Consolidate your (library) loans | Darcy Brixey


I am a librarian whose children lose books. It happens. When a notice came home that Hairball From Outer Space was overdue from my son’s school library we looked everywhere. We never found it.

I was embarrassed that other librarian friends or parents would hear about it. “Psst,” they would whisper. “There’s the librarian’s kid. Did you hear he lost a book?”

I’m sure there’s a saying about it somewhere: The carpenter’s house is never finished, the cobbler’s kids have no shoes and the librarian’s kid loses books.

It’s not easy keeping track of multiple accounts, especially when family members inadvertently check things out on each other’s cards. King County Library System offers a convenient solution for busy families.

Library Elf is a program that allows users to consolidate multiple card accounts. You can set it up to receive texts or emails when things are due soon, holds have come in and when holds are about to expire. When you log in to your Library Elf account, you can even view a calendar feature that shows up to three months of relevant dates of holds and due dates.

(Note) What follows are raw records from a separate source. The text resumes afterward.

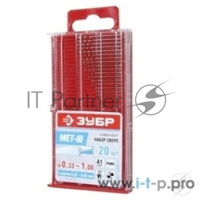 Буры,сверла,долото Набор ЗУБР "ЭКСПЕРТ": Свёрла по металлу, цилиндр. хвостовик, быстрорежущая сталь Р6М5, для печатной платы, 0,33-1мм, 20шт 4-29625-H20-P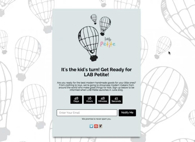 With its whimsical design, LAB Petite effortlessly includes many elements of a successful coming soon landing page. The page opens with a direct headline that tells a visitor the target audience is children and their parents. The copy succinctly explains precisely what is coming soon. A bold countdown shows visitors when, right down to the second.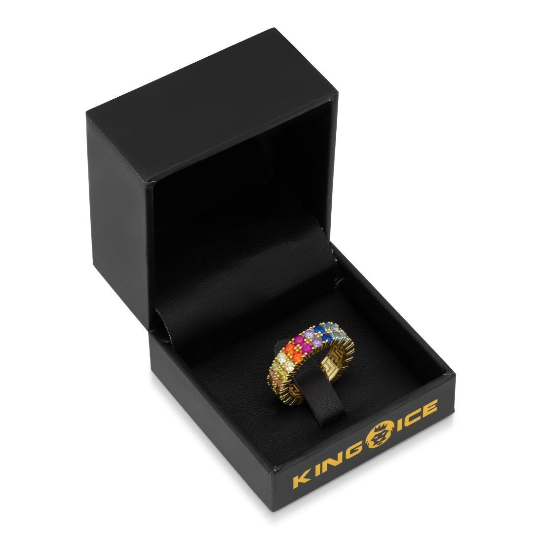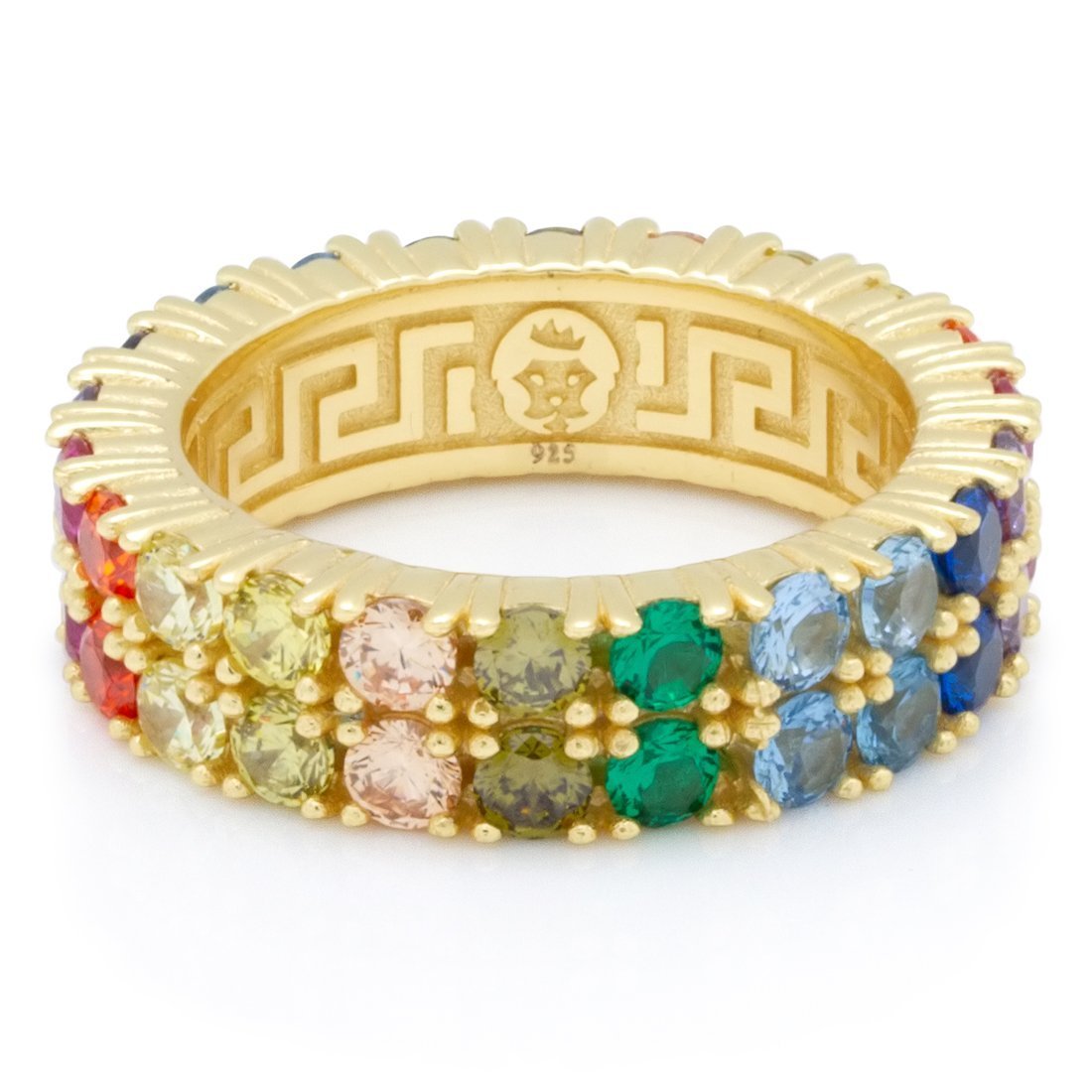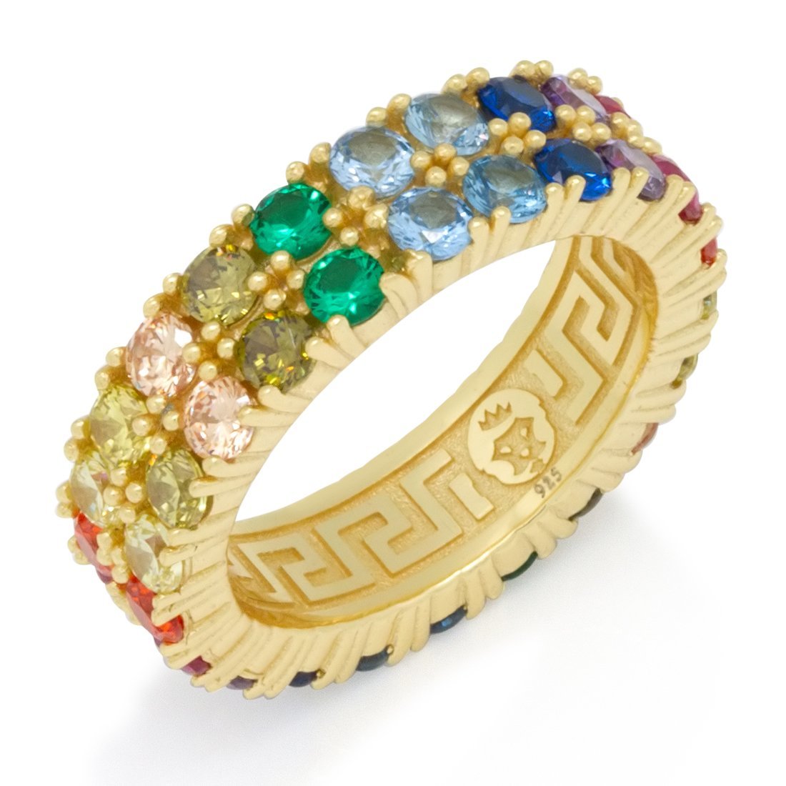 Eleven multicolored VVS Diamond Simulates form the rainbow band on the Double Row Spectrum Ring. The inside of the 14K Gold plated .925 Sterling Silver ring is engraved with Greek Key for the perfect finish.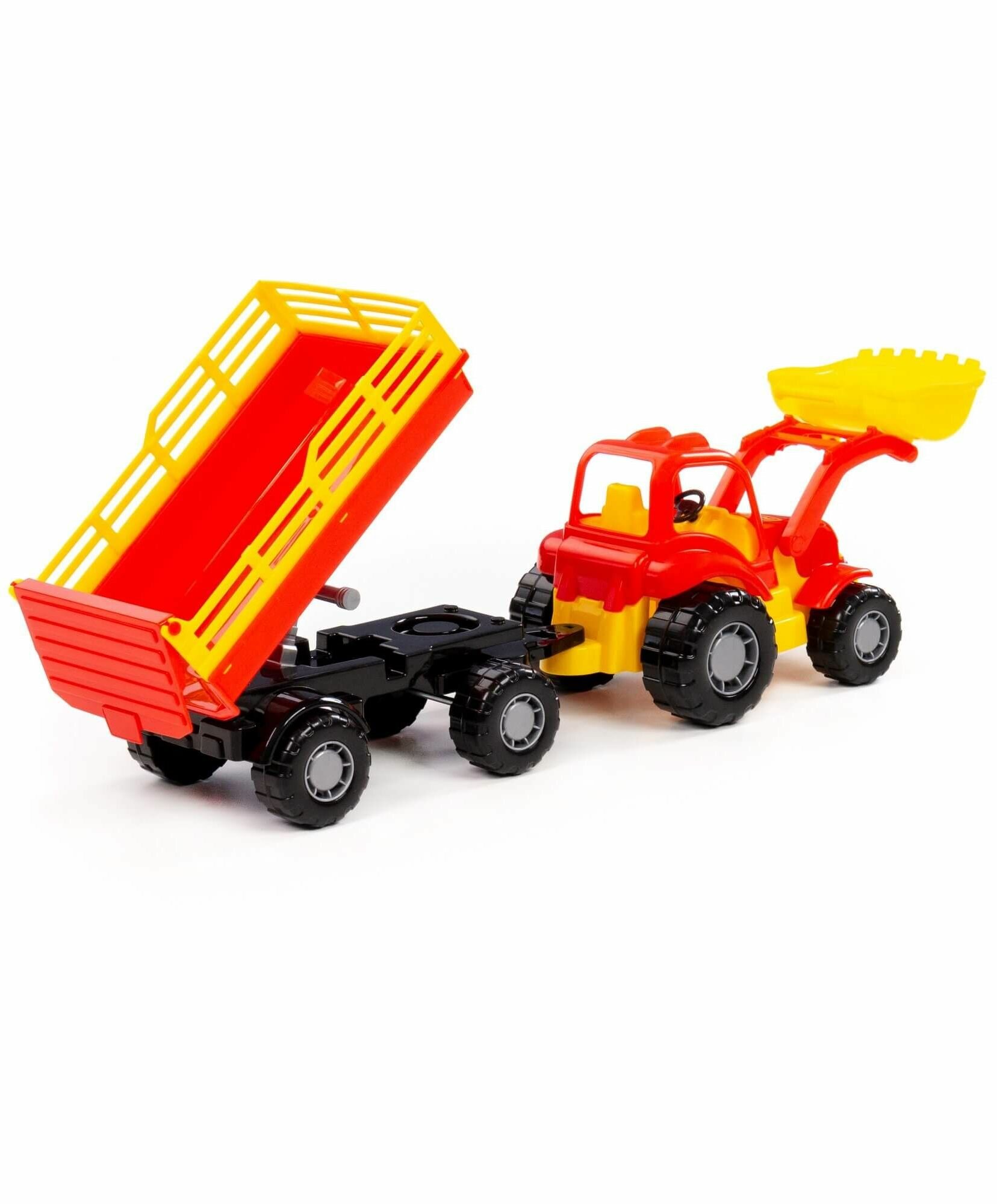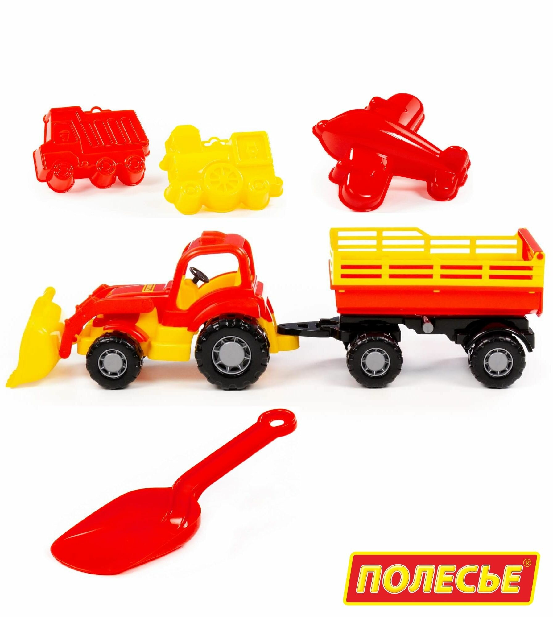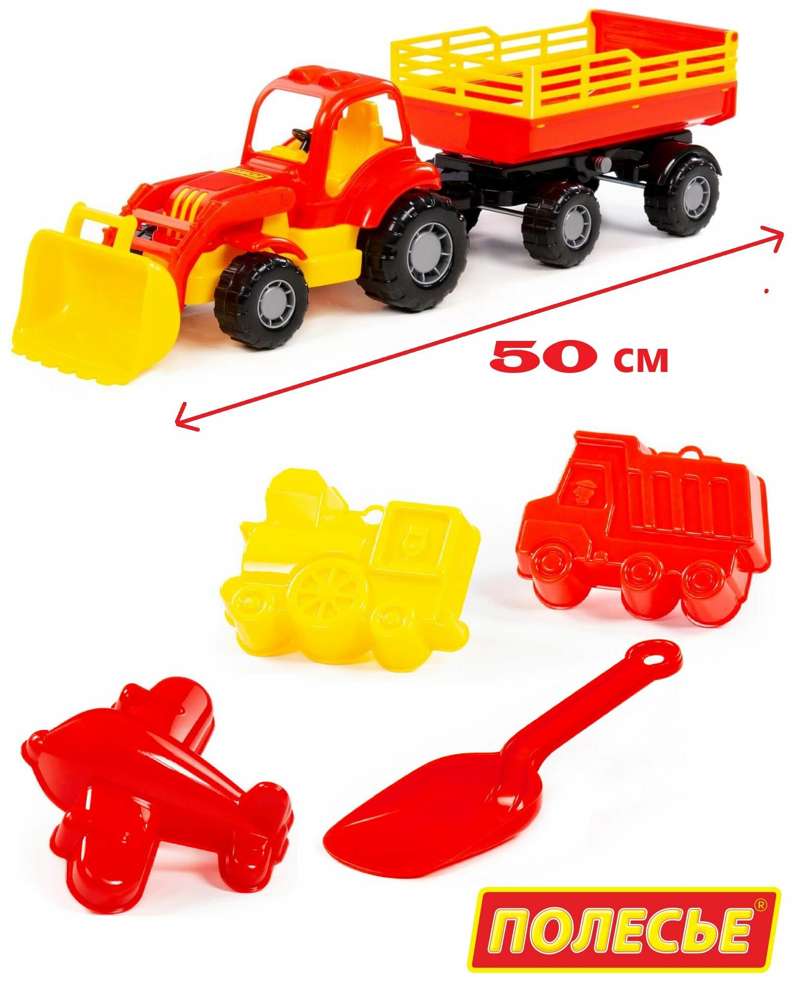 Набор для песочницы: Трактор с грейдером и прицепом (50 см) + 3 формочки, совок / Полесье (красно-желтый) интересное:

Signing up is easy. Visit the Library Elf website. Create an account using your email and a PIN of your choice. Add your library card by selecting “WA-King County Library System (subscriber)” from the list of libraries. Enter your card number and PIN, then choose what kinds of reminders you would like and how you would like to receive them. These notices are different from the generated notices that KCLS delivers. You can call your local library to have those cancelled if you don’t want multiple notices. Or maybe you do.

A Library Elf account may not ensure that your kids won’t lose books but it will give you the advantage of having their cards in one convenient place so you can start looking before something is due. If your house is anything like mine, I highly recommend looking behind the toy box. It’s amazing what you’ll find back there.


Darcy Brixey is the teen services librarian at the Bellevue Library. She’d like to tell you she loves to read, but it’s an expectation of the job.